In this example, I have a four node VSAN cluster, and each node has 3 magnetic disks. I have deployed a VM that has a NumberOfDiskObjectsToStripe = 6. This should place a component on every disk in the cluster. Once I deployed the VM, and checked the layout of the VMDK, I see the following:
Note that this view has changed to the Monitor tab in 6.0; it used to be in the Manage tab previously. What is interesting is that you don’t see a witness component with this configuration. This is the major change in quorum in VSAN 6.0. Now each component has a number of “votes”, which may be one or more. To achieve quorum in Virtual SAN 6.0, “more than 50 percent of votes” rather than “more than 50 percent of components” is needed. You can use the RVC command vsan.vm_object_status to show the vote count for each component:
> vsan.vm_object_info 3 VM test-sw=6: Namespace directory DOM Object: 32ca0255-6a56-981f-3542-005056030a0b (v2, owner: esx-01a.corp.local, policy: hostFailuresToTolerate = 1, stripeWidth = 1, spbmProfileId = 998e8bcb-f96e-4e82-a6cb-3204100aa715, proportionalCapacity = [0, 100], spbmProfileGenerationNumber = 1) RAID_1 Component: 33ca0255-2860-9197-6c1b-005056030a0b (state: ACTIVE (5), host: esx-02a.corp.local, md: mpx.vmhba1:C0:T0:L0, ssd: mpx.vmhba0:C0:T0:L0, votes: 1, usage: 0.3 GB) Component: 33ca0255-4c85-9497-367f-005056030a0b (state: ACTIVE (5), host: esx-01a.corp.local, md: mpx.vmhba4:C0:T0:L0, ssd: mpx.vmhba2:C0:T0:L0, votes: 1, usage: 0.3 GB) Witness: 33ca0255-5c41-9697-50e5-005056030a0b (state: ACTIVE (5), host: esx-04a.corp.local, md: mpx.vmhba4:C0:T0:L0, ssd: mpx.vmhba3:C0:T1:L0, votes: 1, usage: 0.0 GB) Disk backing: [vsanDatastore] xxx-xxx-xx-xxx/test-sw_6.vmdk DOM Object: 65ca0255-b095-bc34-757c-005056030a0b (v2, owner: esx-03a.corp.local, policy: spbmProfileGenerationNumber = 1, stripeWidth = 6, spbmProfileId = 998e8bcb-f96e-4e82-a6cb-3204100aa715, hostFailuresToTolerate = 1) RAID_1 RAID_0 Component: 66ca0255-a632-c8ba-8a21-005056030a0b (state: ACTIVE (5), host: esx-04a.corp.local, md: mpx.vmhba4:C0:T1:L0, ssd: mpx.vmhba3:C0:T0:L0, votes: 2, usage: 0.0 GB) Component: 66ca0255-f53a-cbba-c71a-005056030a0b (state: ACTIVE (5), host: esx-04a.corp.local, md: mpx.vmhba4:C0:T0:L0, ssd: mpx.vmhba3:C0:T1:L0, votes: 1, usage: 0.0 GB) <>
Although this output has been truncated for this post, you can see that each component has a vote count, meaning that there may not always be a need for a witness component, as is the case here. In fact, the VM Home Namespace object (first entry above) still uses a witness.
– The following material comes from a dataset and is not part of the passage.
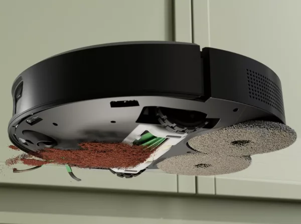 Robot umí zároveň vysávat i vytírat. Ke sběru nečistot je zde 1 kartáč a sběrný koš a ke stírání slouží nasazovací podložka a nádržka na vodu.
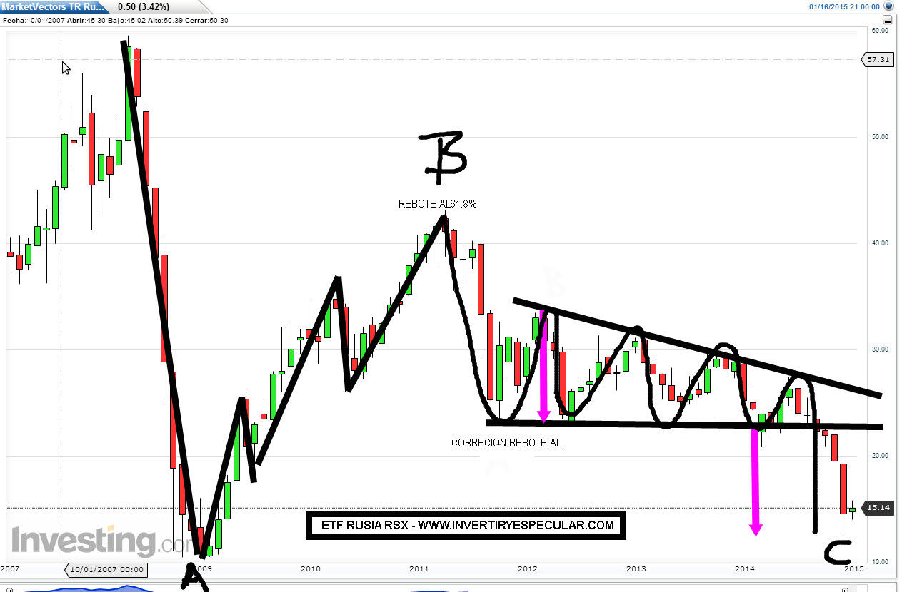 Ahora más en serio porque me leo y me desmoño yo solo, para servidor el índice Ruso visto desde el RSX ha culminado una pauta ABC aunque la C por motivos puntuales pueda ser violada otra vez por nuevos ataques de volatilidad, pero vamos ya con el temporal padecido, menores precios son más compras del producto nunca ventas.

Of course, witness may still be used if vote counts don’t provide adequate quorum guarantees. However, the new methodology should reduce the component, which is one of the VSAN limits.
Cormac, thanks for these updates. I have a four node VSAN here at San Jose Unified School District. I am getting ready to prepare for a transition to 6.0 and bump the nodes to 8, then collapse an EMC Celerra / Clariion and two Cisco UCS blade servers in to it all. These articles have been a huge help.
Always nice to hear Chris – thanks.
Cormac .thanks for the hint. I believe this topic needs much more clarification. Would it be possible to show some typical VSAN designs configured with FTT=1 and FaultDomains and what happens if scenarios?
On a to-do list Thomas 🙂
But yes, I agree, some of this would be very interesting to analyze and show the different behaviors, especially with Fault Domains.
So to simplify the case scenario with a VM FTT-1/SW1 –
We have 4 components but 5 votes where:
Host A or FD A: VM1p1 (vote1)/VM1p2(vote1)
Host B or FD B: VM1p1b (vote1)
Host C or FD C: VM1p2b (vote2)
In this case, we do not need a witness with FTT=1.
If Host A is down, we have >50 vote with the 2 data components
If Host B is down, same situation with 3 components
if Host C is down, same situation.
Witness still exist in the case of the object could not span on 2n+1 host.
Thanks for adding that Julienne